UPDATE: Tax incentives to be renegotiated for Alstom

The Alstom logo is stamped onto the door of a turbine test facility inside the Alstom Power Turbines factory on Riverfront Parkway in Chattanooga on August 15, 2012.
The Alstom logo is stamped onto the door of a turbine test facility inside the Alstom Power Turbines factory on Riverfront Parkway in Chattanooga on August 15, 2012.
photo Alstom tile

Mayors Andy Berke and Jim Coppinger announced today that the city and county are in the middle of negotiations with Alstom, which has not met their tax break obligations to create 300 new jobs by Dec. 31, 2014.

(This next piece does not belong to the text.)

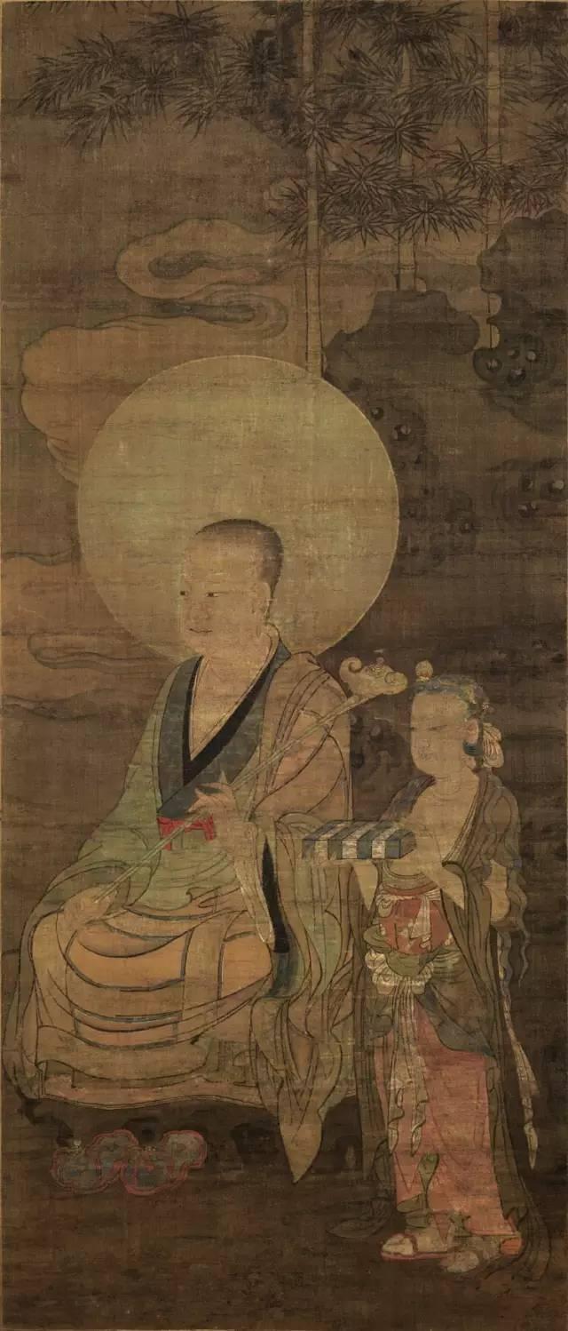 马远为南宋中期代表性的画院画家,长于山水人物画。本图描绘的是曹洞宗祖师洞山良价在云游途中,涉水之时见到自己水中之影而恍然大悟的一刹那,是为数不多的马远的真迹之一。图上有南宋皇帝宋理宗的皇后杨妹子之题字。本与天龙寺所藏的云门大师图、清凉法眼禅师图同为描绘禅宗五祖的画作之一。田中丰藏旧藏品。

Neither Berke or Coppinger would give any specific details of the negotiations, but said litigation is a last resort if the government agencies and the company can't come to an agreement.

"This has been a long, complicated process," Berke said this afternoon.

The Riverfront Parkway facility, which makes equipment primarily for coal-fired power plants, was awarded a new payment-in-lieu-of-tax agreement, or PILOT, in 2008, but the company has fallen behind on its end of the deal.

The PILOT agreement called for an increase of about 300 jobs by Alstom between July 5, 2007, and Dec. 31, 2014. And the agreement stated that if the company failed to achieve the projections on jobs and investment, the city and county reserve the right to terminate the benefits of the agreement for its remaining years.

In 2013, Alstom laid off 80 employees at its turbine facility and then in February the company announced it would cut 100 jobs at its Chattanooga boiler services plant.